BEGIN Data for analysis
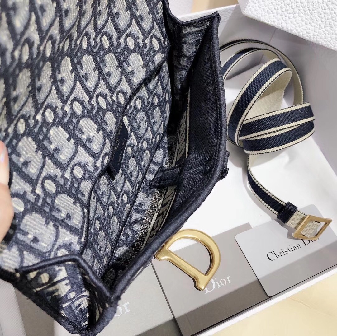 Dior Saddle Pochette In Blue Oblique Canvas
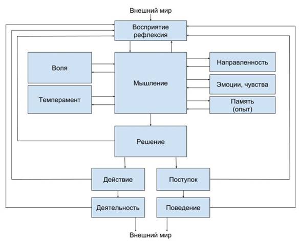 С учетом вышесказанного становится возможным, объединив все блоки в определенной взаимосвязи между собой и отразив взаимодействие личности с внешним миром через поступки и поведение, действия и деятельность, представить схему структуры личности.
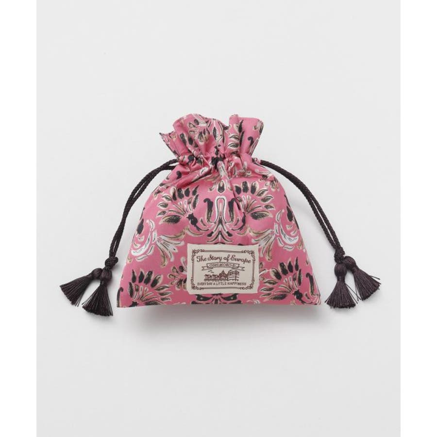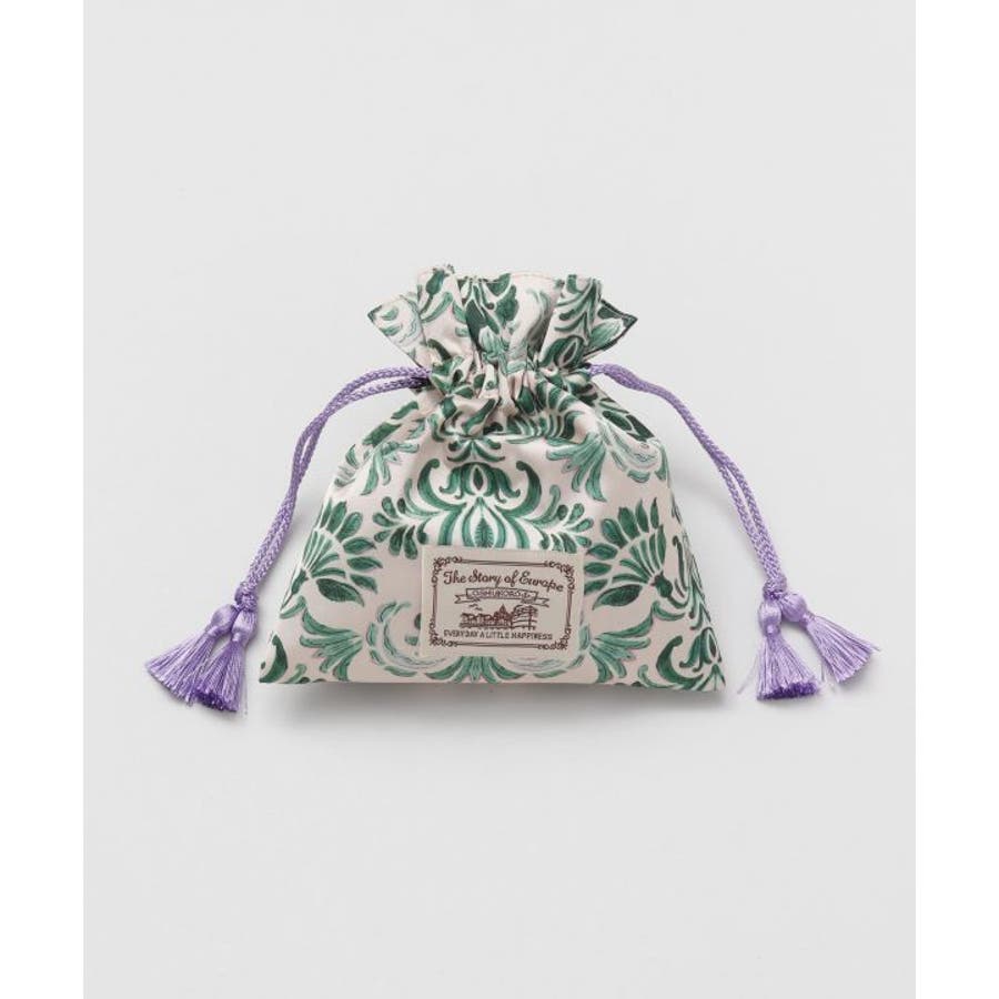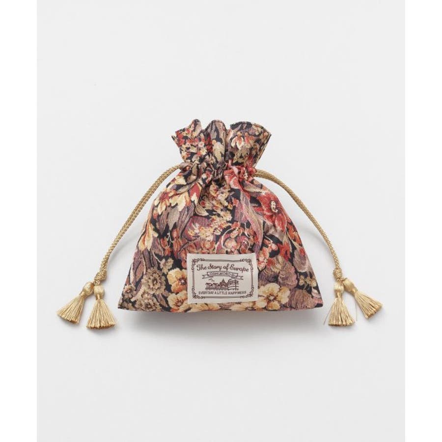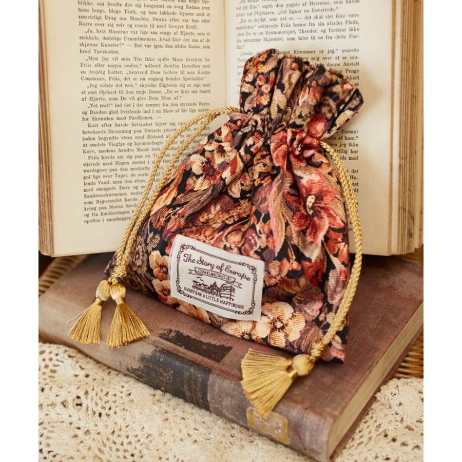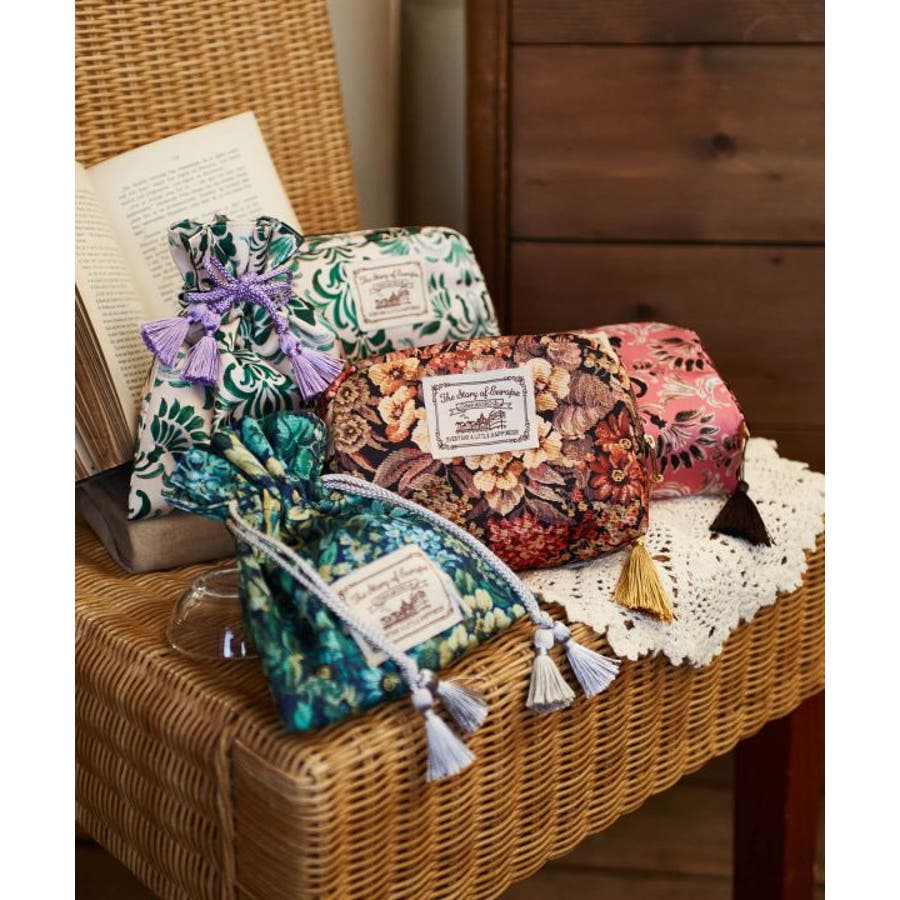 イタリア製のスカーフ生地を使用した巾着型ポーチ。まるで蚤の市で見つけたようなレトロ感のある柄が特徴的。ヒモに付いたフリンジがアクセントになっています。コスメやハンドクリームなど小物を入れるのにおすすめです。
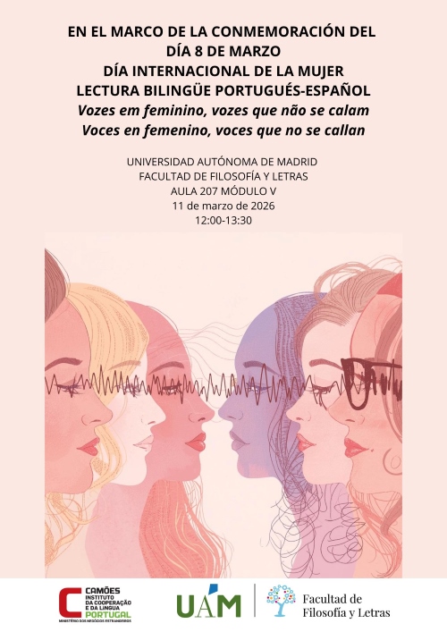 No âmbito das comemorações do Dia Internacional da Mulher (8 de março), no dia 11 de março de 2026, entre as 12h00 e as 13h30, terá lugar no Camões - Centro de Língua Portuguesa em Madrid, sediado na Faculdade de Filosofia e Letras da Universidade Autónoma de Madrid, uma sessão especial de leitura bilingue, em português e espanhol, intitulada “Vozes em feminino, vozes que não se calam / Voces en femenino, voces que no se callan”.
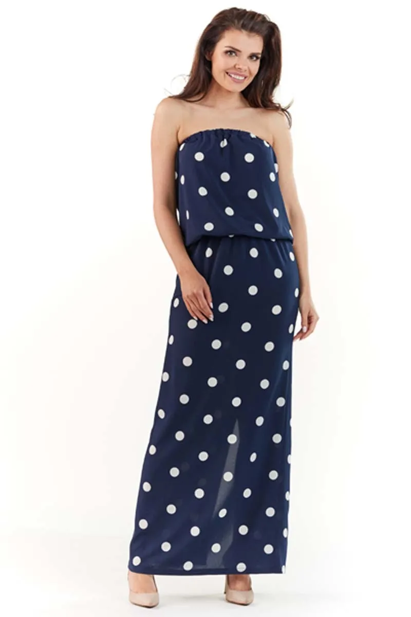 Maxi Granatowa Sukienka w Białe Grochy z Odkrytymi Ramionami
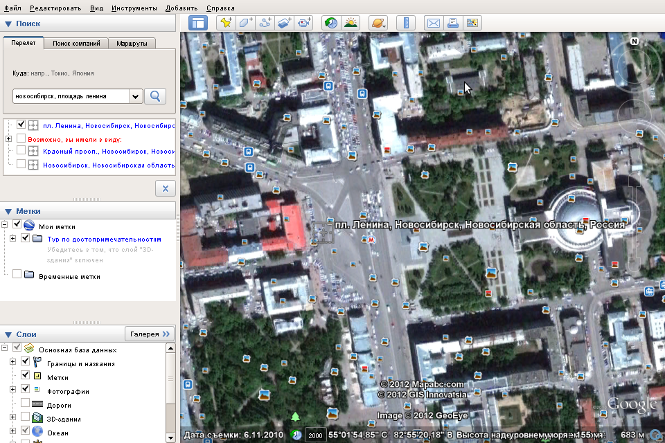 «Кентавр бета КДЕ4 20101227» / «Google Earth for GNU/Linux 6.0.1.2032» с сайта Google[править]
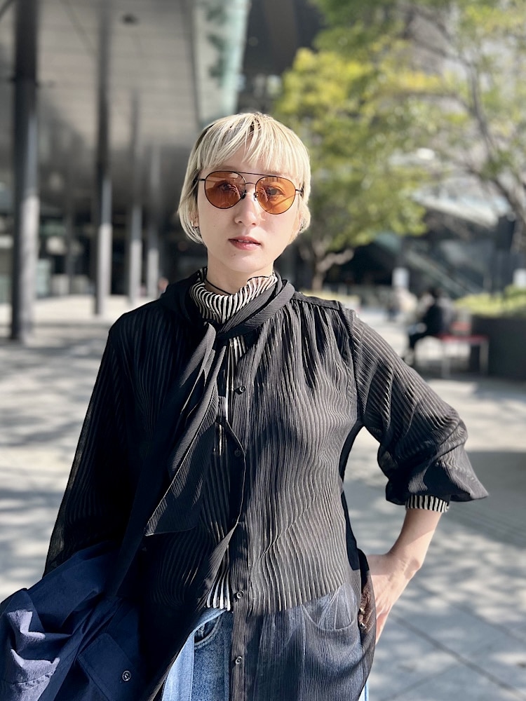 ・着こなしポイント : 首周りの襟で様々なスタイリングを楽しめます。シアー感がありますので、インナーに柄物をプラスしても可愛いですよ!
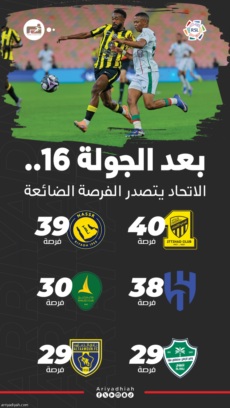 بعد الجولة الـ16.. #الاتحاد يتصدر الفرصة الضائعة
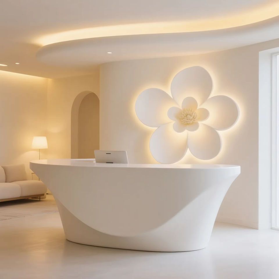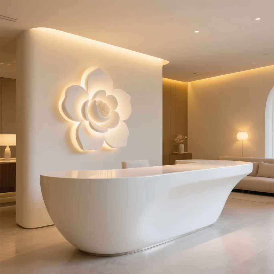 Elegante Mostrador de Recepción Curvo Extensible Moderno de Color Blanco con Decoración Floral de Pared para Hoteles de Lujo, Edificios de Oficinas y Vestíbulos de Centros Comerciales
END Data for analysis
§ Task brief
The required output is the lines from the one containing "Maxi Granatowa Sukienka" through the end of the data, printed exactly, with no pictures.

§ Solution for this problem
 Maxi Granatowa Sukienka w Białe Grochy z Odkrytymi Ramionami
 «Кентавр бета КДЕ4 20101227» / «Google Earth for GNU/Linux 6.0.1.2032» с сайта Google[править]
 ・着こなしポイント : 首周りの襟で様々なスタイリングを楽しめます。シアー感がありますので、インナーに柄物をプラスしても可愛いですよ!
 بعد الجولة الـ16.. #الاتحاد يتصدر الفرصة الضائعة
 Elegante Mostrador de Recepción Curvo Extensible Moderno de Color Blanco con Decoración Floral de Pared para Hoteles de Lujo, Edificios de Oficinas y Vestíbulos de Centros Comerciales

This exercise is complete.